YOUR ASSIGNMENT: Your answer must match, word for word, the lines from the one holding "On Friday, October" through the final line below, with pictures excluded.

DATA PROVIDED:
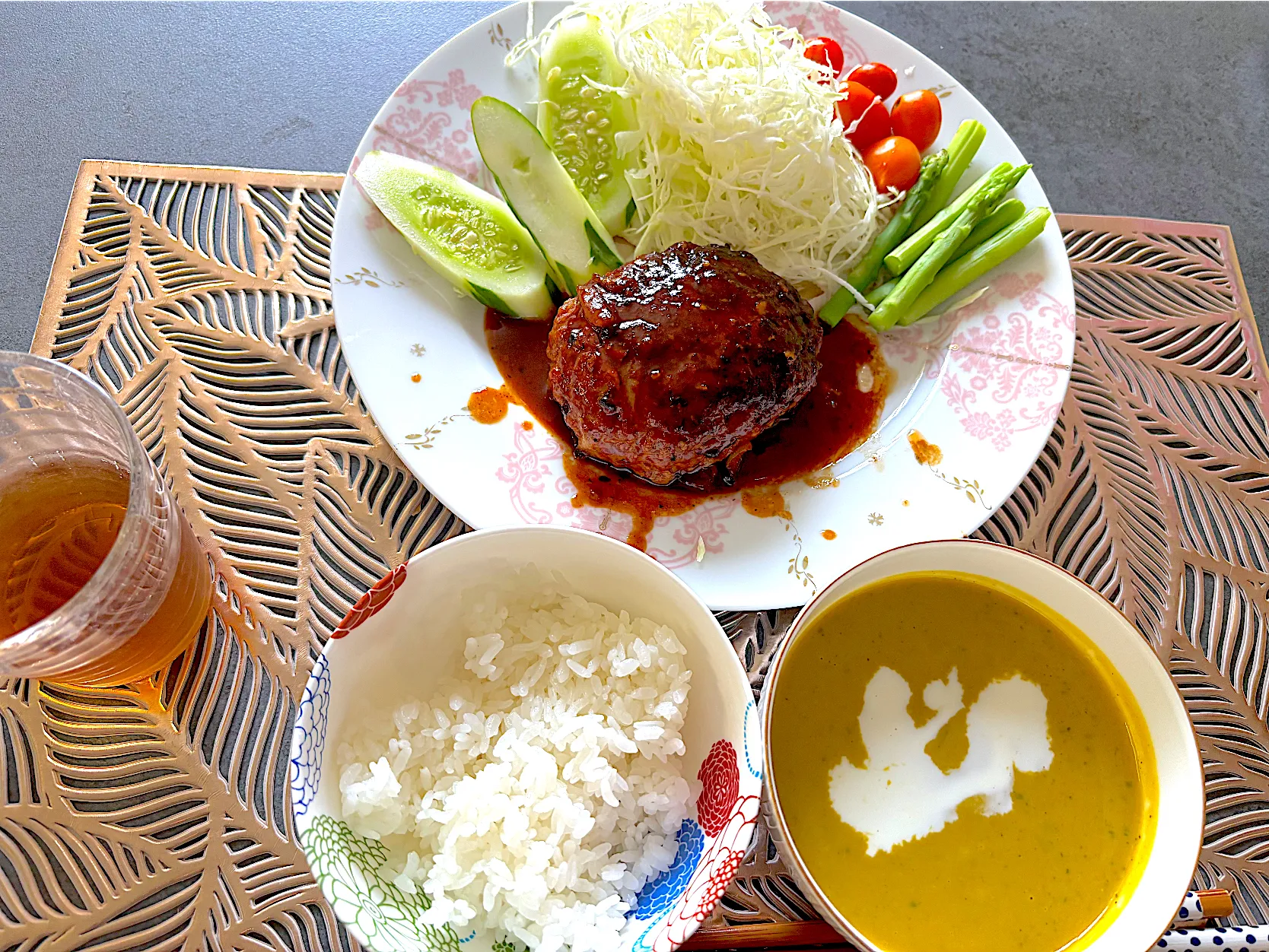 ハンバーグ 自家製かぼちゃのポタージュ
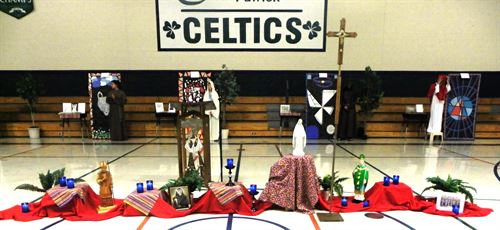 On Friday, October 26, the gymnasium underwent a miraculous transformation and became a reverent worship space just as it does for our all school liturgies. This time, however, it became a hallowed hall of holy saints.
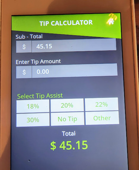 But I'm presented with the debit machine and looking at the tipping options I just about flip my lid. This is what's killing tipping culture:
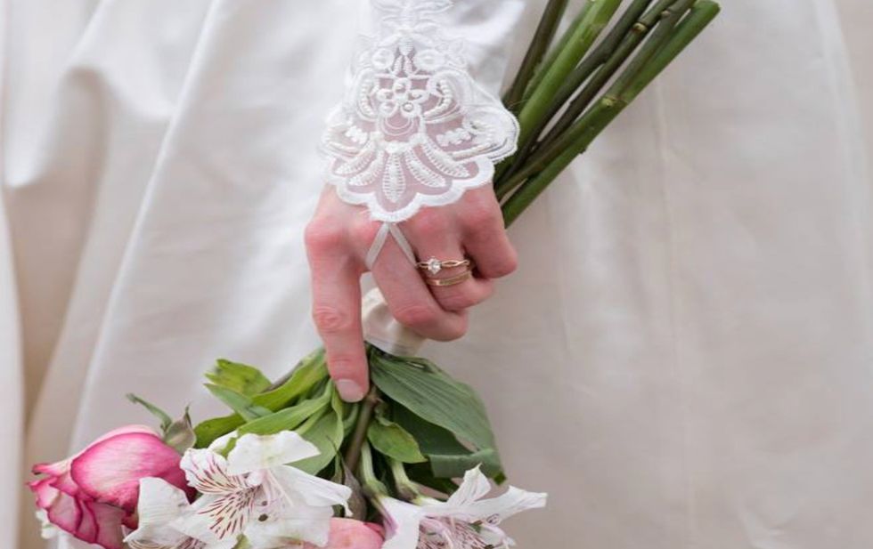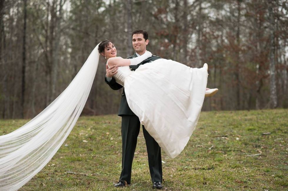 Be creative and have some fun. Also, use the veil if the bride has one!
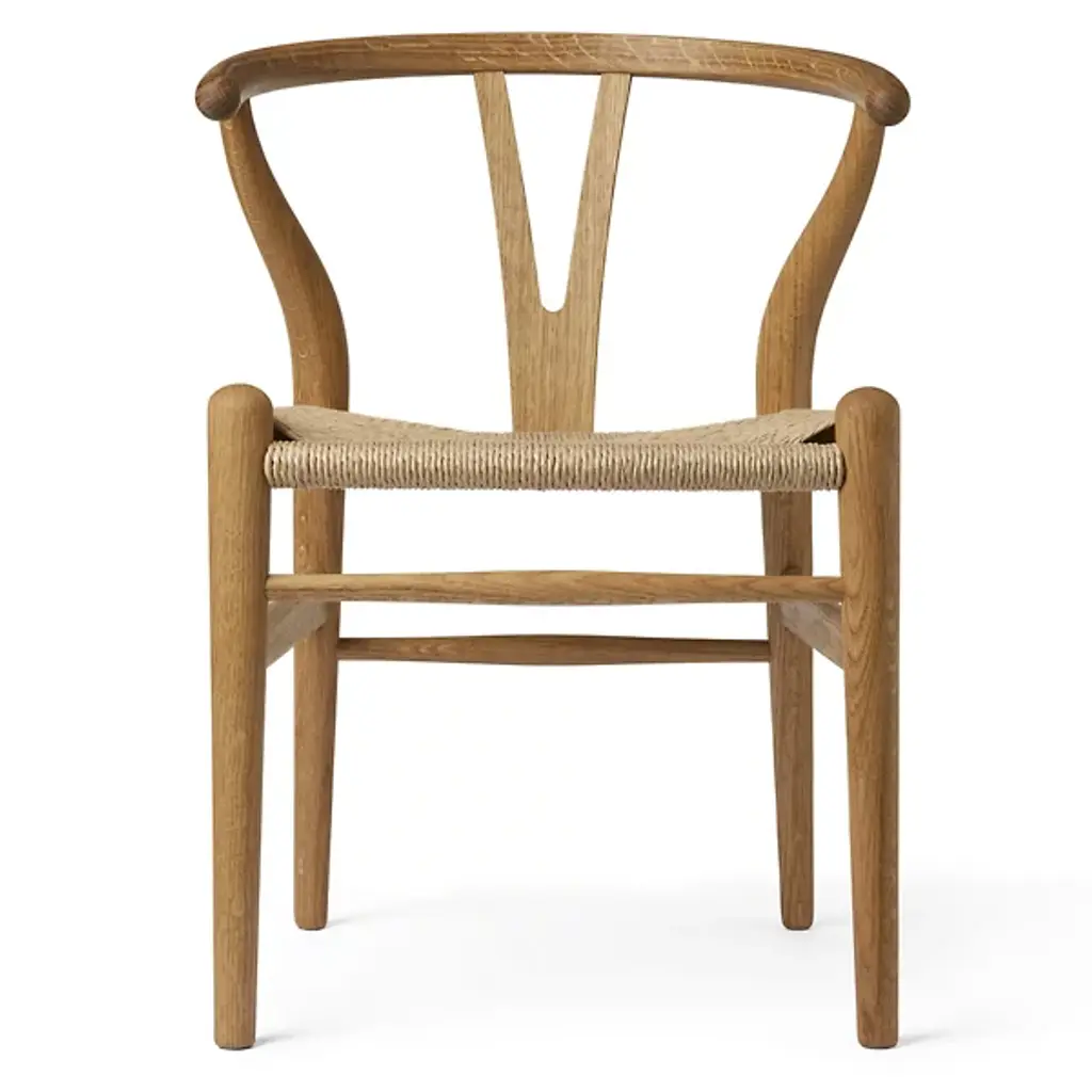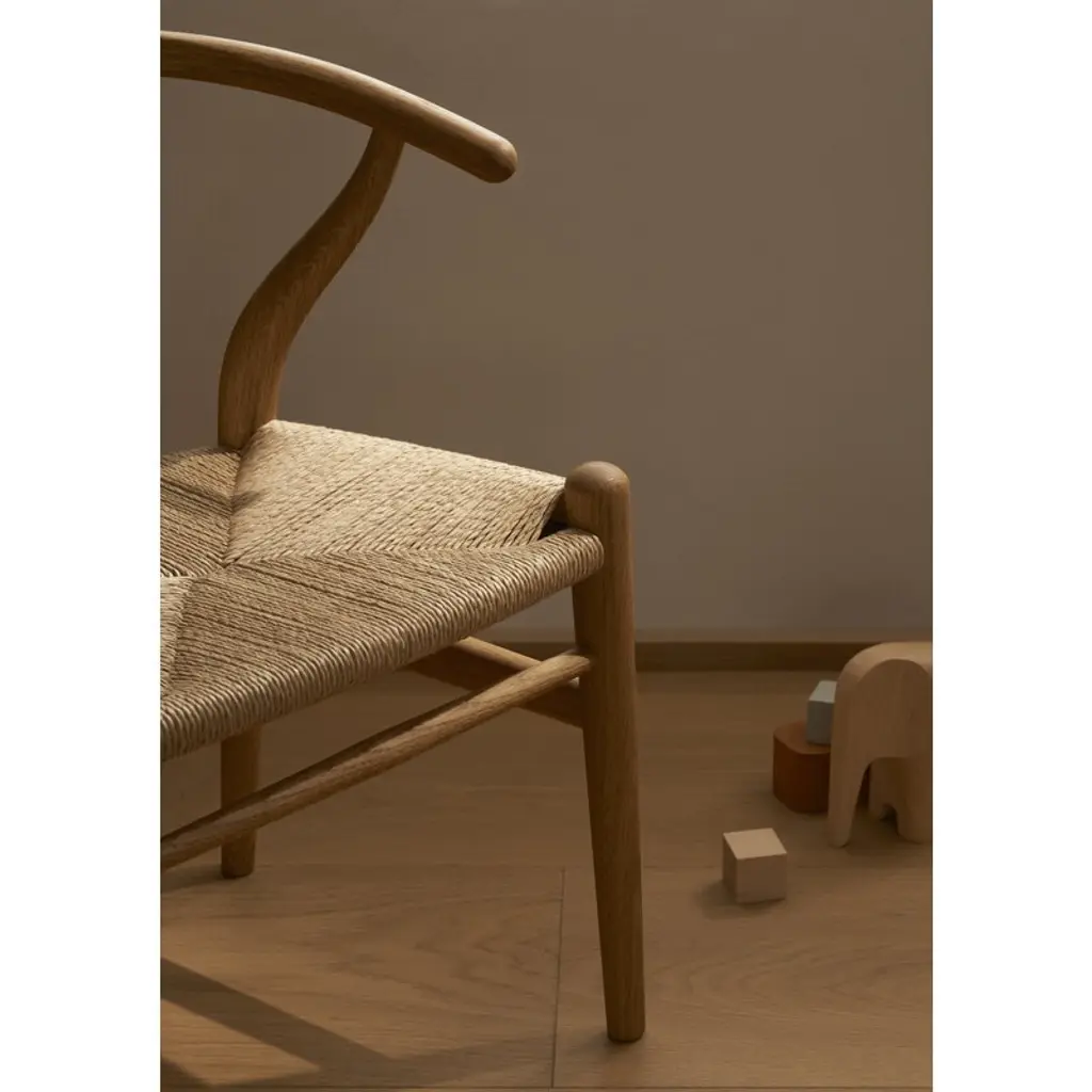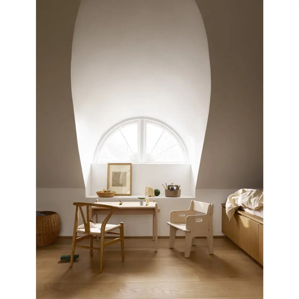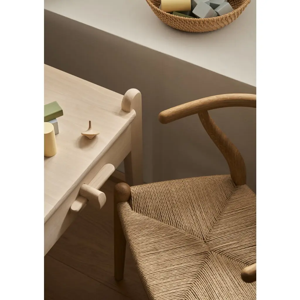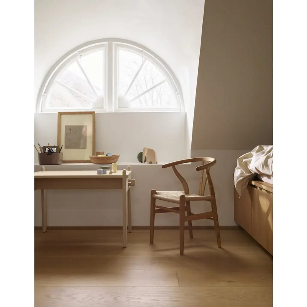 The CH24 chair, also known as Wishbone, is a true Danish design classic. Designed by Hans J. Wegner in 1949, the Wishbone chair has been produced by Carl Hansen & Søn since 1950. To celebrate the 110th anniversary of the designer's birth, in 2024 a children's version of the chair was released to delight the youngest members of the family. When designing the CH24 chair, Wegner wanted to combine the backrest and armrests into one single piece. To support the steam-bent top, he developed the classic Y-shaped back, which earned the chair the name Wishbone. The end result was an elegant and graceful chair with seating comfort in a class of its own. Although the children's Wishbone chair is a smaller version of the original, the manufacturing process is no less complex! Like its bigger sibling, the manufacturing process of the children's chair also involves over 100 steps, most of which are still made by hand. The hand-woven seat alone takes a skilled craftsman about one hour and 75 meters of paper cord to make. The carefully finished Wishbone is a masterpiece of traditional craftsmanship and Danish design.

EXERCISE ANSWER:
 On Friday, October 26, the gymnasium underwent a miraculous transformation and became a reverent worship space just as it does for our all school liturgies. This time, however, it became a hallowed hall of holy saints.
 But I'm presented with the debit machine and looking at the tipping options I just about flip my lid. This is what's killing tipping culture:
 Be creative and have some fun. Also, use the veil if the bride has one!
 The CH24 chair, also known as Wishbone, is a true Danish design classic. Designed by Hans J. Wegner in 1949, the Wishbone chair has been produced by Carl Hansen & Søn since 1950. To celebrate the 110th anniversary of the designer's birth, in 2024 a children's version of the chair was released to delight the youngest members of the family. When designing the CH24 chair, Wegner wanted to combine the backrest and armrests into one single piece. To support the steam-bent top, he developed the classic Y-shaped back, which earned the chair the name Wishbone. The end result was an elegant and graceful chair with seating comfort in a class of its own. Although the children's Wishbone chair is a smaller version of the original, the manufacturing process is no less complex! Like its bigger sibling, the manufacturing process of the children's chair also involves over 100 steps, most of which are still made by hand. The hand-woven seat alone takes a skilled craftsman about one hour and 75 meters of paper cord to make. The carefully finished Wishbone is a masterpiece of traditional craftsmanship and Danish design.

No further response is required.